在 Python 中将文件批量重命名为其目录结构的一部分
Batch rename of files to a part of their directory structure in Python
首先,我是 Python 和一般编程的新手。我希望重命名的文件位于这种格式中,其中 SampleID 是一个唯一 ID:
/home/MattXD/Documents/Processed/Untitled 文件夹/SampleID/subfolder/report.pdf
我想将所有 report.pdf 个文件重命名为 SampleID.pdf
import os, sys, shutil
topdir = '/home/MattXD/Documents/Processed/Untitled Folder/'
exten = 'report.pdf'
for dirpath, dirnames, files in os.walk(topdir):
for name in files:
if name.lower().endswith(exten):
oldfile = os.path.join(dirpath, name)
newname = oldfile.split('/')[6]
print name
print newname
shutil.copy2(oldfile, '/home/MattXD/Documents/Processed/Untitled Folder/%s' % newname)

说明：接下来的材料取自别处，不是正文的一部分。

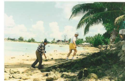
U.S. Marine Veterans retracing their steps on the beach at Betio during previous tour.

我觉得我接近正确的轨道,正如我从 print name 和 print newname 中看到的那样,我在 oldfile 和新名称中存储了正确的文件我想在 newname 中使用。我似乎无法重命名该文件!
我想我误用了 shutil.copy2,我的 for 循环可能有问题,因为我得到一个错误,文件名(report.pdf 和 report.pdf)相同(它们是)。感谢阅读。
嗯,实际上有一个 os.rename 函数:
os.rename(src, dst, *, src_dir_fd=None, dst_dir_fd=None)
Rename the file or directory src to dst. If dst is a directory, OSError will be raised. On Unix, if dst exists and is a file, it will be replaced silently if the user has permission. The operation may fail on some Unix flavors if src and dst are on different filesystems. If successful, the renaming will be an atomic operation (this is a POSIX requirement). On Windows, if dst already exists, OSError will be raised even if it is a file.
This function can support specifying src_dir_fd and/or dst_dir_fd to supply paths relative to directory descriptors.
If you want cross-platform overwriting of the destination, use replace().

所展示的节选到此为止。